2.2.1 Structure of the Foreign Exchange Spot Market

The usual description of the FX markets made by international organizations such as the Bank for International Settlements (1999) or the International Monetary Fund (1993) emphasizes the presence of different geographical markets and different types of agents. However, these structural characteristics are not apparent from the inspection of daily or weekly data and their implications were seldom considered in theoretical modeling.

The FX market consists of two dominating parts, the FX spot and the FX forward market, and a smaller but growing market of FX derivatives. In 1992, both the FX spot and forward markets had a market share of roughly 50% each. In 1998, the FX forward market was moderately larger than the FX spot market, by a ratio 60:40% (Bank for International Settlements, 1999).
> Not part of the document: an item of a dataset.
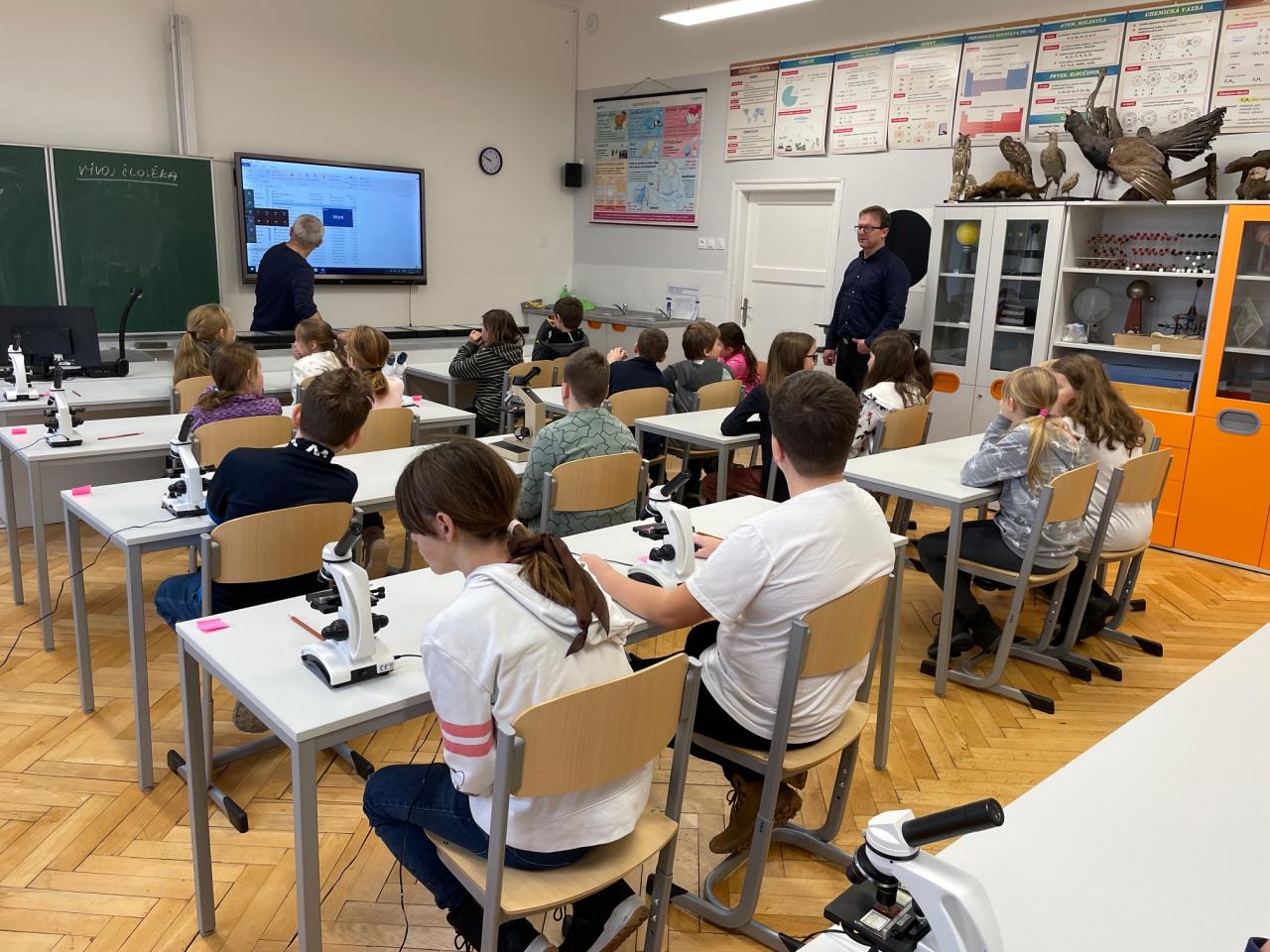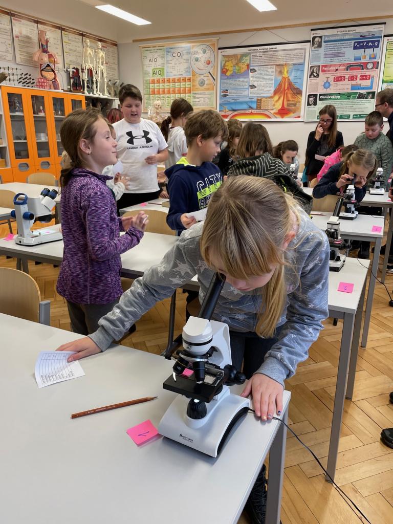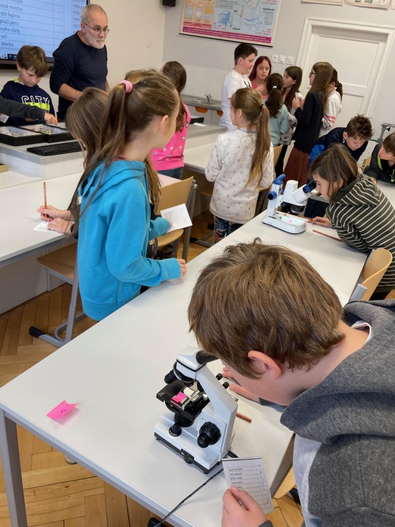 Dramatický kroužek si pro nás připravil pohádku Dva tovaryši, která se nám moc líbila. Po divadelním představení odešly menší děti do hudební učebny, kde společně s paní učitelkou zpívaly koledy a hrály na boowhackers. Skupinka starších se odebrala s panem ředitelem do přírodovědné učebny, kde je čekalo pozorování mikroskopem. Vzorky, které si mohli žáci v mikroskopech prohlédnout, byly velmi zajímavé - nechyběl jazyk hlemýždě, noha pavouka, křídlo motýla, rybí šupina, ptačí pero, noha včely, blecha a veš. Dále viděli sbírku motýlů a brouků a byly jim ukázány vycpaniny např. tetřev hlušec, kachna lyska, sojka, straka a sousta dalších.

However, the FX spot rates are used not only in the FX spot market but also for outright FX forward transactions, as explained in Section 2.3.2.

Nowadays, a growing segment of the FX spot transactions goes through automated, electronic order-matching systems,5 such as the Electronic Broking Services (EBS) and Reuters Dealing 2000. These markets deliver good high-frequency data with transaction prices and volumes. These transaction data have become available to researchers to a limited amount.6 Results based on these data are discussed in a few places in this book.

Aside from this electronic trading, the over-the-counter FX spot market is a direct market between banks (and brokers). The bid and ask offers of major financial institutions are conveyed to customers screens by large data suppliers such as Reuters, Bloomberg, and Bridge (formerly Telerate and Knight Ridder) with as little time delay as possible and the deals are negotiated over the telephone. Many researchers have investigated data in various forms from this interbank market; there is no alternative way to obtain large FX samples, especially historical samples extending to the 1980s and early 1990s.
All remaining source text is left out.